We think you need these skills to ace Member of Engineering (Post-training)
Some tips for your application 🫡
Show Your Passion for AI: When writing your application, let us see your enthusiasm for AI and how it can change the world. Share any personal projects or experiences that highlight your interest in LLMs and coding. We love to see candidates who are genuinely excited about what they do!
Tailor Your Application: Make sure to customise your application to fit the role. Highlight your experience with Large Language Models and any relevant projects you've worked on. We want to know how your skills align with our mission at Poolside, so don’t hold back!
Be Clear and Concise: Keep your application straightforward and to the point. Use clear language to describe your experiences and skills. We appreciate well-structured applications that make it easy for us to see why you’d be a great fit for our team.
Apply Through Our Website: Don’t forget to submit your application through our website! It’s the best way for us to receive your details and ensures you’re considered for the role.
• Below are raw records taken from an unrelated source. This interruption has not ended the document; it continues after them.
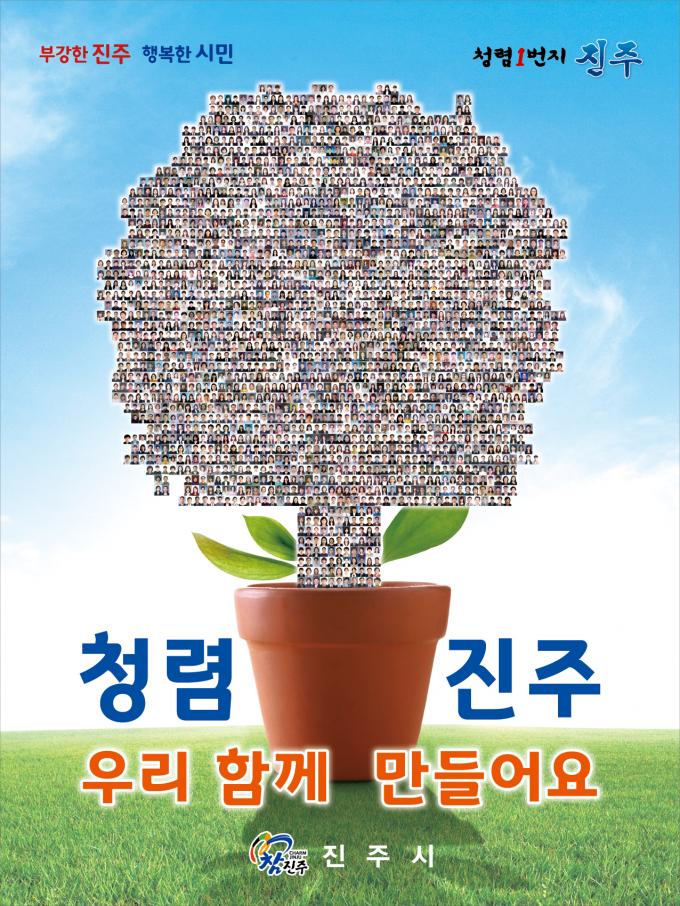 진주시는 지난 상반기에 처리한 인·허가, 공사, 물품·용역, 보조금 지원 등 5개 분야 2600여 민원인에게 시장의 청렴 의지를 담은 서한문을 보내는 한편 2000여 모든 직원에는 모자이크식으로 디자인한 청렴 포스터를 제작해 배부했다.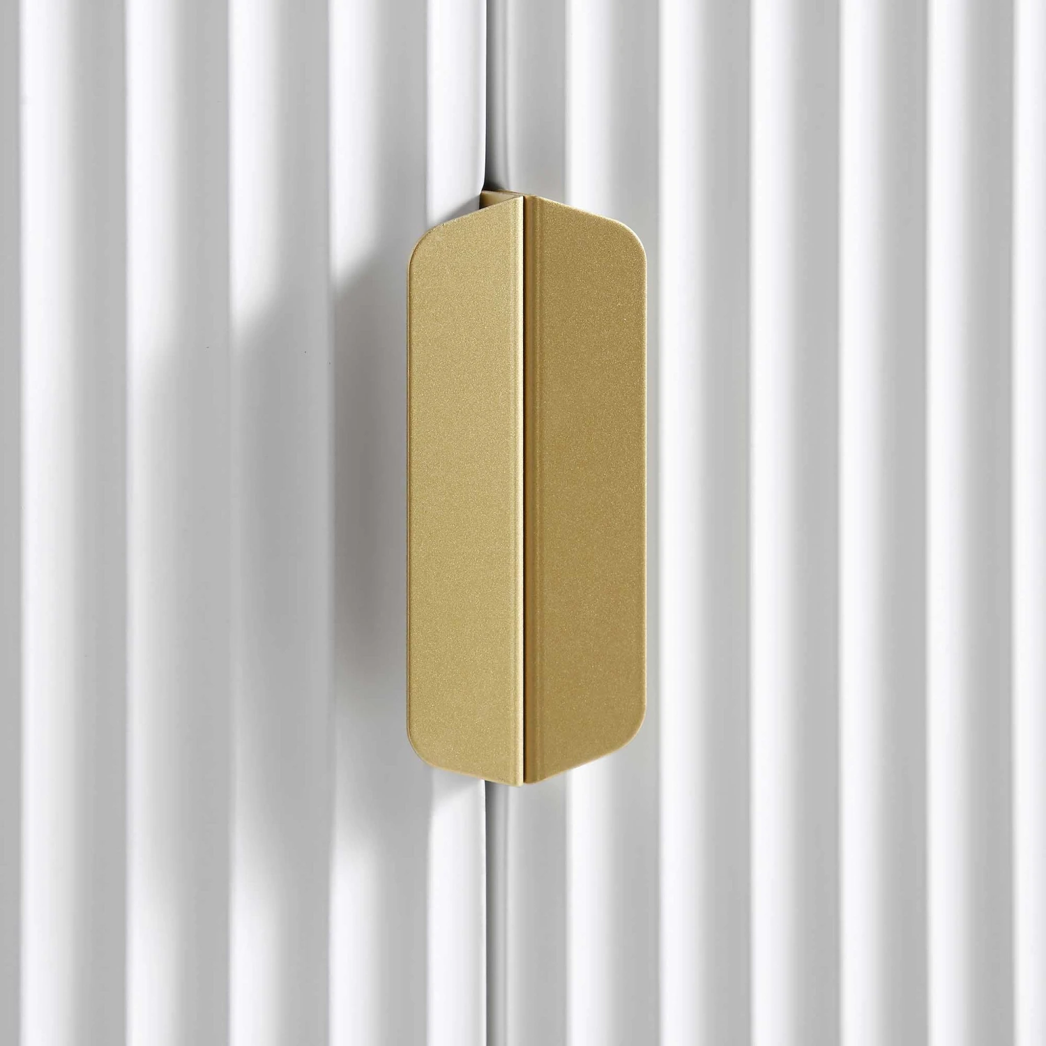 - The bookcase features ridged door surface finished in matte white paint, paired with gold handles on the doors and matching legs.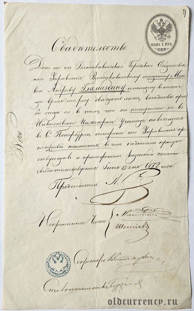 Свидетельство 1872 года на гербовой бумаге 1 рубль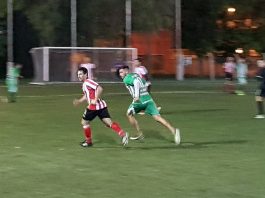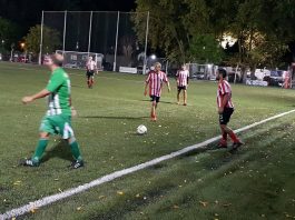 Un primer tiempo parejo donde el local quería manejar el trámite y lo conseguía cuando la pelota pasaba por los pies de Benitez y la Brujita, intentando aprovechar la movilidad de Amato. Generaron un par de punzantes ataques pero siempre encontraron bien parado al portero del verde y una defensa sólida. Ya sin Jara (desgarrado), el ingreso del Turu Peralta

Plus, it helps us keep everything organised as we review applications.
How to prepare for a job interview at poolside
✨Know Your LLMs
Make sure you brush up on your knowledge of Large Language Models. Understand their capabilities and limitations, and be ready to discuss how you've worked with them in the past. This will show that you're not just familiar with the technology but also have hands-on experience.
✨Show Off Your Coding Skills
Prepare to demonstrate your coding abilities, especially in Python with frameworks like PyTorch or Jax. You might be asked to solve a problem on the spot, so practice writing clean, efficient code and be ready to explain your thought process as you go.
✨Research and Experimentation Mindset
Since the role involves research and experimentation, come prepared with examples of past projects where you've designed experiments or tested hypotheses. Be ready to discuss your approach to problem-solving and how you iterate on your ideas based on results.
✨Team Collaboration is Key
This position requires working closely with a team, so highlight your communication skills and any experiences where you've successfully collaborated on projects. Be prepared to discuss how you plan future steps and share ideas with peers, as this will be crucial for success in the role.